Watanabe Hiroyuki, Fujii Meguru, Yoshimoto Masumi, Abe Hiroshi, Toda Naruaki, Higashiyama Reiji, Takahira Naonobu
Department of Rehabilitation, School of Allied Health Sciences, Kitasato University, Sagamihara, Japan.
Nishifuna Clinic, Funabashi Orthopedic Hospital, Funabashi, Japan.
Orthop J Sports Med. 2018 Aug 28;6(8):2325967118792192. doi: 10.1177/2325967118792192. eCollection 2018 Aug.
A previous cross-sectional study reported that pathogenic factors associated with Osgood-Schlatter disease (OSD) in adolescent athletes include increased quadriceps muscle tightness, lower leg malalignment, and development of apophysitis in the tibial tuberosity.
To confirm these pathogenic factors associated with OSD in a longitudinal study with regard to physical function and performance.
Cohort study; Level of evidence, 2.
In this study, 37 boys (mean age, 10.2 ± 0.4 years) were recruited from 2 soccer teams at an elementary school. This cohort study was conducted over an observation period of 1 year, with measurements recorded at baseline, followed by screening for OSD every 6 months. Variables evaluated at baseline included physical function (morphometry, joint flexibility, and lower extremity alignment), presence of Sever disease, and kicking motion.
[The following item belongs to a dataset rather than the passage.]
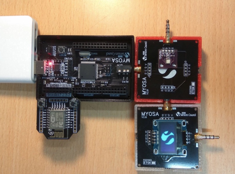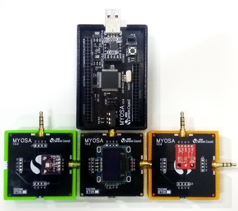 The MYOSA kit has been packaged with the intention of making it attractive to use. The controller board and sensors are housed in 3D-printed semi-transparent boxes. They have been designed and printed by our own team at the Smart City Lab of DA-IICT, India. The top covers are made of transparent acrylic sheets. Different shades of translucent colours make the MYOSA Boards attractive to use. Slots for connections have been made in these housing design for hassle-free plug-and-play action. They provide 360-degree rotation at the connections. The entire design and packaging of MYOSA is very robust and provides great ease of access.
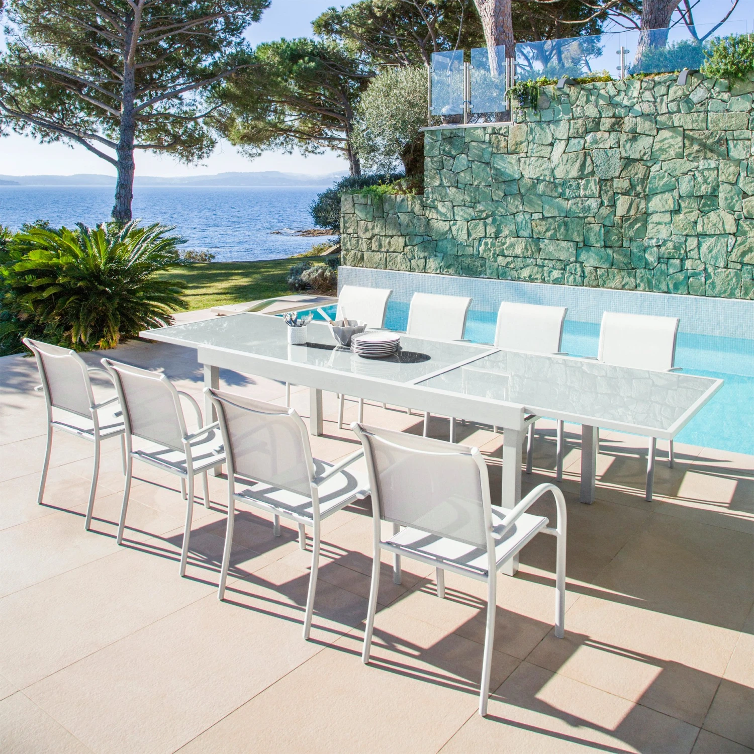 Vous recherchez une table de qualité à la fois légère et résistante pour vos repas estivaux ? Extensible ou fixe, rectangulaire, ronde ou carrée, la table Murano est sans aucun doute la table qu’il vous faut. Toute une gamme fonctionnelle et pratique pour passer d’agréables moments en famille ou entre amis. Ses finitions impeccables en aluminium donneront un style contemporain à votre extérieur.

Pathogenic factors associated with OSD in the support leg of adolescent male soccer players included height, weight, body mass index, quadriceps femoris muscle tightness in the kicking and support legs, and gastrocnemius muscle tightness, soleus muscle tightness, and medial longitudinal arch in the support leg. Additional factors included a diagnosis of Sever disease and distance from the lateral malleolus of the support leg's fibula to the center of gravity during kicking.
The onset of OSD was found to be affected by many factors, including developmental stage, physical attributes, and pre-existing apophysitis. In particular, a diagnosis of Sever disease and backward shifting of the center of gravity during kicking increased the risk of the subsequent onset of OSD, suggesting that these factors are very important as a possible focus for interventions.
之前的一项横断面研究报告称,青少年运动员中与胫骨结节骨软骨炎(OSD)相关的致病因素包括股四头肌紧张度增加、小腿排列不齐以及胫骨结节处骨突炎的发展。
在一项关于身体功能和表现的纵向研究中确认这些与OSD相关的致病因素。
队列研究;证据等级,2级。
在本研究中,从一所小学的2支足球队招募了37名男孩(平均年龄10.2±0.4岁)。这项队列研究进行了1年的观察期,在基线时记录测量数据,随后每6个月筛查一次OSD。在基线时评估的变量包括身体功能(形态测量、关节灵活性和下肢排列)、Sever病的存在情况以及踢球动作。
青少年男性足球运动员支撑腿中与OSD相关的致病因素包括身高、体重、体重指数、踢球腿和支撑腿的股四头肌紧张度,以及支撑腿的腓肠肌紧张度、比目鱼肌紧张度和内侧纵弓。其他因素包括Sever病的诊断以及踢球时支撑腿腓骨外侧踝到重心的距离。
发现OSD的发病受多种因素影响,包括发育阶段、身体属性和既往存在的骨突炎。特别是,Sever病的诊断和踢球时重心后移增加了随后发生OSD的风险,表明这些因素作为可能的干预重点非常重要。